“Get stuff done every day. If the task is too large, break it down and explain what you’re doing. But get something done every day.
It’s too easy for us to say “I’m still working on associating the widgets to the watzits”. But with this level of information the customer only hears ” – still – “.
Instead, we should provide visibility to the customer of the things inside the feature we’re doing. “Working on associating the widgets to the watzits – I just finished the service and controller test and code and today I’m going to work on the JSP. After that I should be able to run the interaction and the tests. My roadblocks are XX”. These couple of sentences by themselves provide:
- A list of subtasks
- A current status
- What’s left
- What problems you’re finding
Note that we didn’t go into too much of a level of detail at this point – you can always clarify on subsequent sentences. Even if it doesn’t mean a lot to the business people, in their brain now there’s at least a “step 2 of 4” connection, making things easier for them when planning ahead. Other developers can know what area you’re on and what to avoid (or what touches their stuff), and people with special skills (web devs, db people) can more or less suspect when they will be needed, helping them plan their day or be proactive.

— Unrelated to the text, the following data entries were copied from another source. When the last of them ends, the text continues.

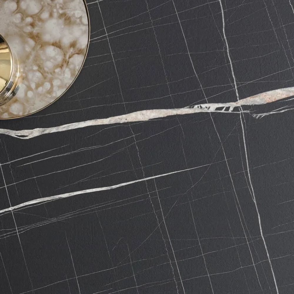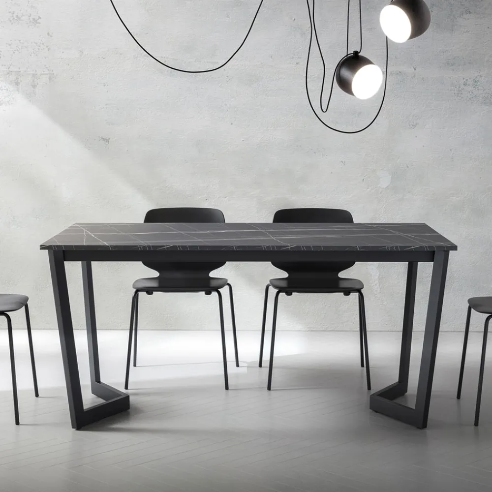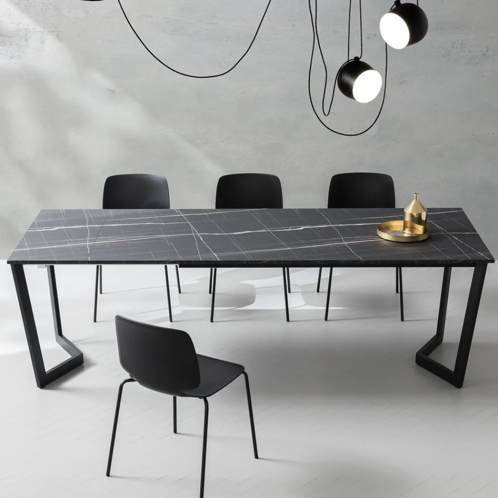 Ausziehbarer Esstisch mit Struktur aus Metall mit Epoxidpulverbeschichtung in Schwarz, HPL-Platte in verschiedenen Ausführungen und in zwei verschiedenen Größen erhältlich, hergestellt in Italien . Seine Ästhetik konzentriert sich ganz auf einen funktionalen und modernen Stil , grundlegende Merkmale für die Schaffung einer exklusiven Harmonie im Raum.
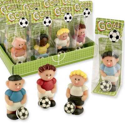 Essbare Dekoration in Form von Fußballspielern ist ein tolles Geschenk für Kinder und Erwachsene, die Marzipan mögen. Jede Marzipanfigur ist in einem Zellophanbeutel verpackt und steht auf einem festen Sockel. Die Abmessungen sind 30 x 25 x 60 mm, mit Beutel: 40 x 37 x 105 mm (24 g).
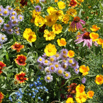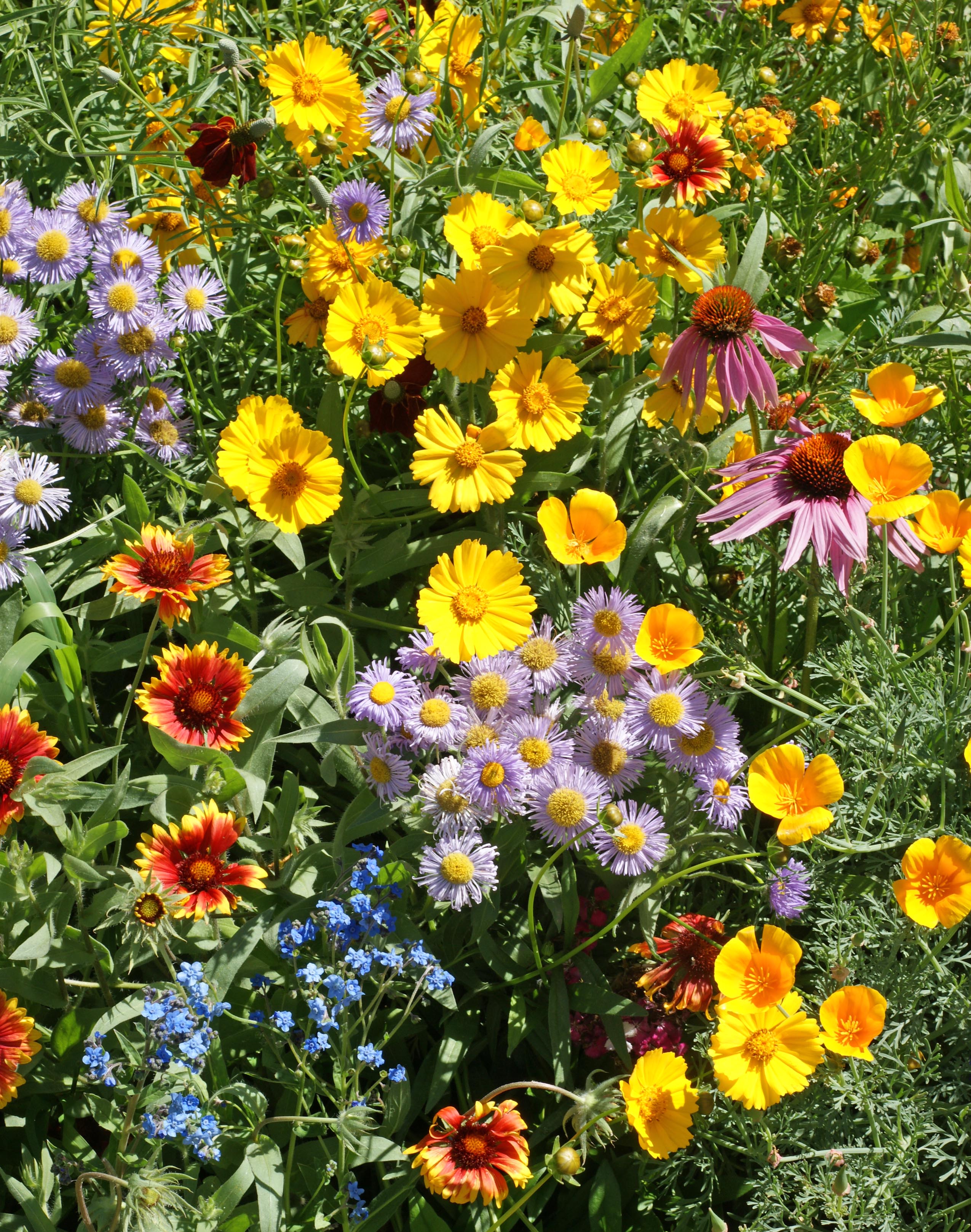 Mix Includes: Lavender Hyssop, China Aster, Siberian Wallflower, Lance-Leaved Coreopsis, Plains Coreopsis, Chinese Forget-Me-Not, Purple Coneflower, Fleabane Daisy, California Poppy, Globe Gilia, Tidy Tips, Blue Flax, Sweet Alyssum, Bergamot, Baby Blue Eyes, Corn Poppy, New England Aster.
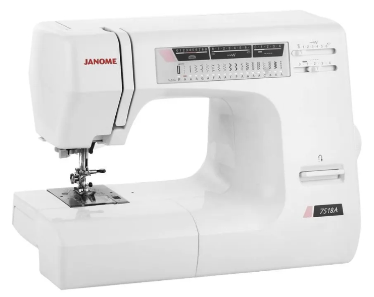 Швейная машина Janome 7518 A выполняет практически все необходимые для повседневного шитья строчки, среди которых несколько оверлочных и несколько строчек для работы с трикотажем.
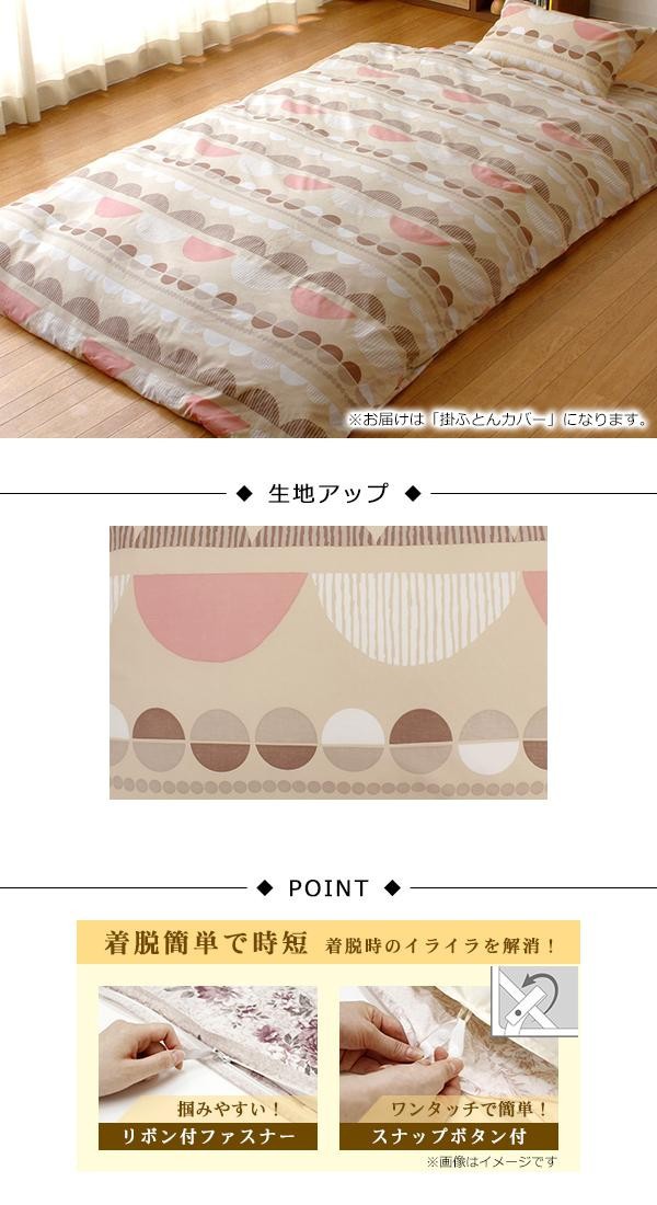 国内で染色し、1枚1枚丁寧に縫製された掛ふとんカバーです。着脱が簡単にできる工夫が施されています。
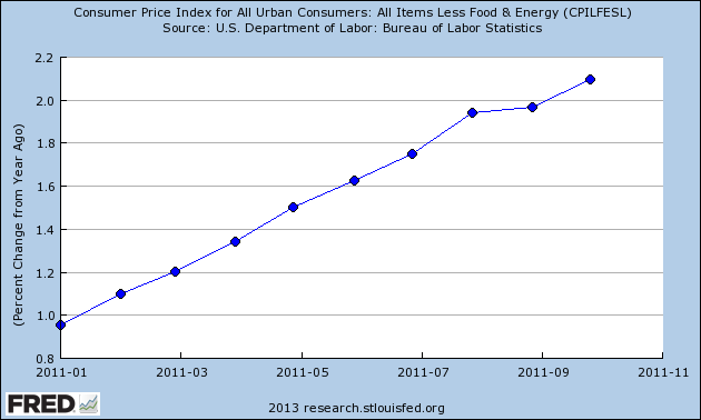 Below cpi data for 2011 is seen. Gross cpi crosses 2.0 in February creating an uptrend in TLT. Later in August, core cpi crosses 1.94 and the twist is implemented. Notice both trends are up.
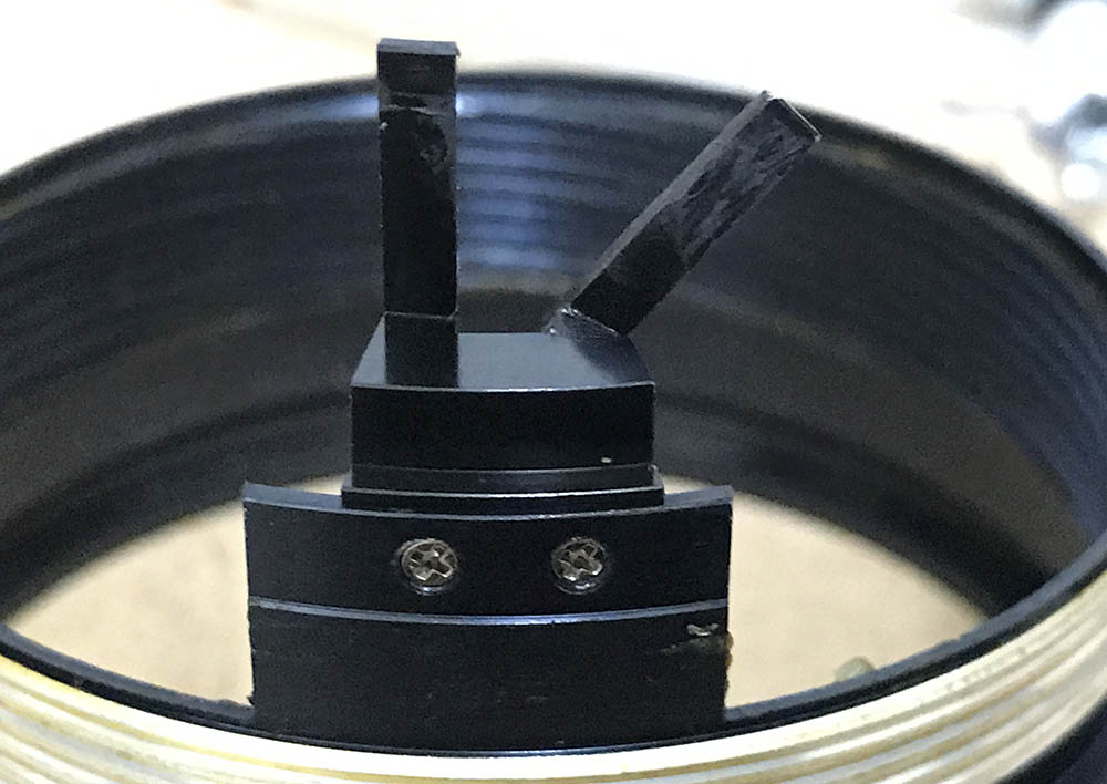 You can remove the CRC’s coupling fork through these openings. I didn’t do it because the fork on this particular lens was damaged so I wanted it to be connected to the helicoid when I remove it so I can see the whole extent of the damage before I remove it.

This has another important side benefit: A lot of times us techies complain that “project managers and business types don’t get it”. Well, without the repetition of giving this level of detail out on a daily basis, there is no way to “teach” project managers what is hard for whom and have them remember.
These same business people who “don’t understand code” will most likely eventually “get” whether JSPs are easier or harder than controllers in general, and good managers who are in tune with human factors will also understand which are harder or easier for different people (helping with job assignments) even if they don’t even know what a controller is.